※静←臨
雨音が酷く耳に障る。室内の静寂をじわりと侵食していく雨音が、春先の少しだけ生ぬるくなった空気を震わせた。
「シズちゃん」
握り締めた電子機器は何も言わない。煩いのは雨音だけだった。真っ暗な部屋で、緩く波打つシーツの上に身体を投げ出す。
「シズちゃ、ん」
声はどこにも届かない。身体を小さく丸めてみたが、部屋の空気も、雨音も、何も言わない電子機器も、何一つ変わらない。もしかしたら、声なんて出ていなかったのかもしれなかった。鼓膜を震わせるのは、窓を打ち付けるねっとりとした雨だけで。
「月は見えるかなぁ」
身体を少しだけ起こして、窓の外に視線をやった。こんな雨の夜に、月なんて見えるはずもない。月が見えたらいいのに、とぼんやりと思った。そうしたら、この声は届く。
「シズちゃん、 、」
生ぬるい静寂。月は見えない。

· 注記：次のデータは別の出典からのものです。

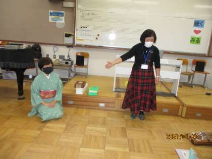 今日の音楽では,お琴の先生にきていただき,直々にお琴の指導を受けました。

静寂は直ぐに掻き消され、雨粒が再び窓を叩く。
(雨の夜に月が見えれば、本当のことを言おうって決めている)
願いは、未だ叶わず。
銃声のような雨の音に、静かに、目を閉じた。
雨夜の月
――願うだけで決して叶うことのない願いのこと
*――*――*
センチメンタル臨也さん
雨夜の月の意味は、調べたのが今から2年以上前なので、正直あんまり覚えてないです
(リアタイSSログ)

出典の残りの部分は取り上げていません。